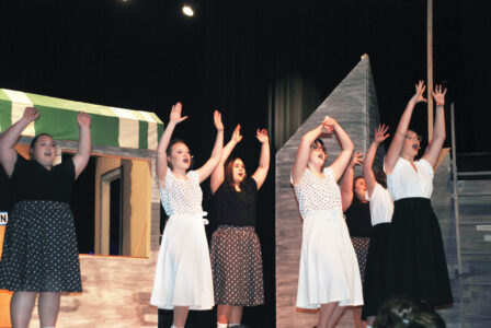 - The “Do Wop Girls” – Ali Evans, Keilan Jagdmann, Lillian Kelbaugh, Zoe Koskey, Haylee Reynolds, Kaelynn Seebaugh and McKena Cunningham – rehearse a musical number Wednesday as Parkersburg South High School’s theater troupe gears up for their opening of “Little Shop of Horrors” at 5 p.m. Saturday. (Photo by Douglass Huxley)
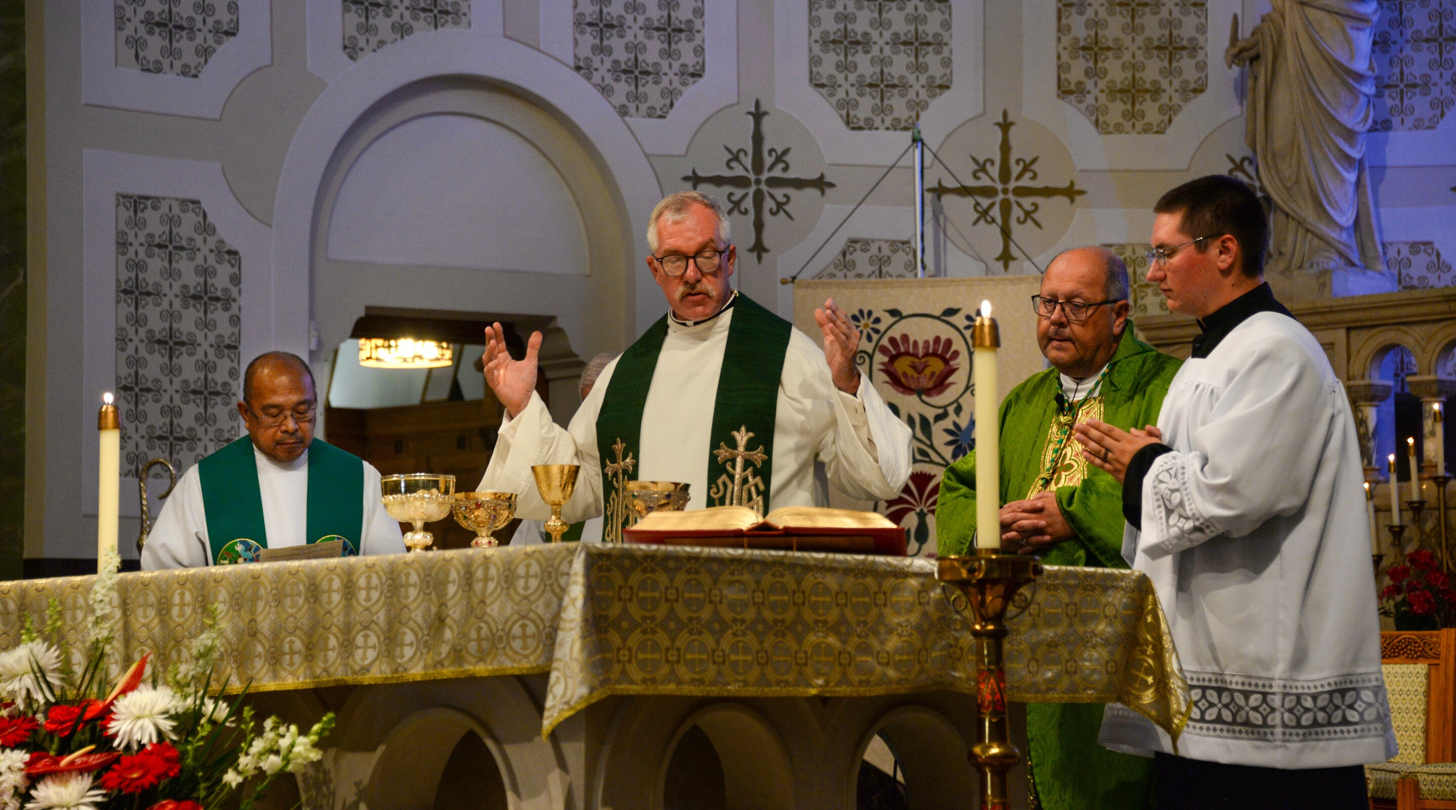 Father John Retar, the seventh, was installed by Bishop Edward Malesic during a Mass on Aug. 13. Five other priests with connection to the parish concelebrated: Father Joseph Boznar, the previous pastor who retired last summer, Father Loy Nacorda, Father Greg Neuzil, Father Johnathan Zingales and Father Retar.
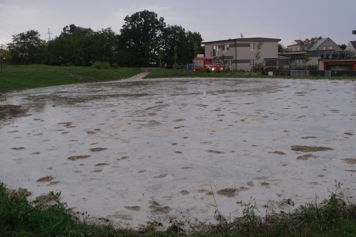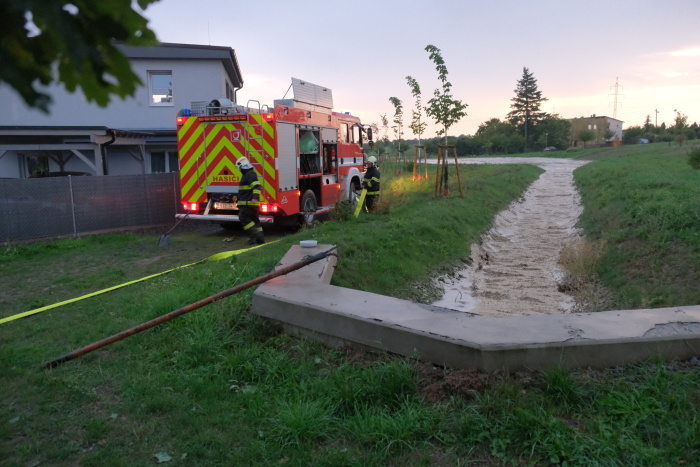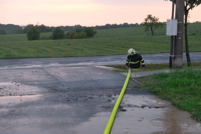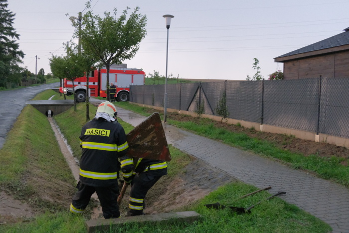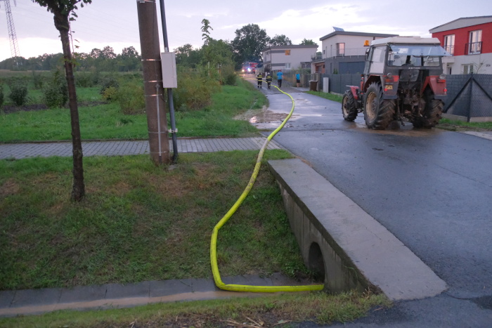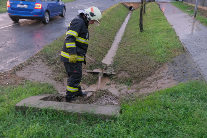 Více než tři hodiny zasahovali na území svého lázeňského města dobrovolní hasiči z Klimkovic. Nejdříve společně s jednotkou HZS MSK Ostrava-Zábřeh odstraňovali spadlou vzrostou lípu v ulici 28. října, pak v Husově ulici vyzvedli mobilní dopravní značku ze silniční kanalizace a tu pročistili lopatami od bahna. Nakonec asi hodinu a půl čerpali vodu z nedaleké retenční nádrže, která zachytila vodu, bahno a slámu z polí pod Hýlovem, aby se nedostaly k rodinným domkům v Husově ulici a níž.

◆ ◆ ◆

**Work instruction**
Please repeat every line of the material above exactly and without its pictures.

**Exercise solution**
 - The “Do Wop Girls” – Ali Evans, Keilan Jagdmann, Lillian Kelbaugh, Zoe Koskey, Haylee Reynolds, Kaelynn Seebaugh and McKena Cunningham – rehearse a musical number Wednesday as Parkersburg South High School’s theater troupe gears up for their opening of “Little Shop of Horrors” at 5 p.m. Saturday. (Photo by Douglass Huxley)
 Father John Retar, the seventh, was installed by Bishop Edward Malesic during a Mass on Aug. 13. Five other priests with connection to the parish concelebrated: Father Joseph Boznar, the previous pastor who retired last summer, Father Loy Nacorda, Father Greg Neuzil, Father Johnathan Zingales and Father Retar.
 Více než tři hodiny zasahovali na území svého lázeňského města dobrovolní hasiči z Klimkovic. Nejdříve společně s jednotkou HZS MSK Ostrava-Zábřeh odstraňovali spadlou vzrostou lípu v ulici 28. října, pak v Husově ulici vyzvedli mobilní dopravní značku ze silniční kanalizace a tu pročistili lopatami od bahna. Nakonec asi hodinu a půl čerpali vodu z nedaleké retenční nádrže, která zachytila vodu, bahno a slámu z polí pod Hýlovem, aby se nedostaly k rodinným domkům v Husově ulici a níž.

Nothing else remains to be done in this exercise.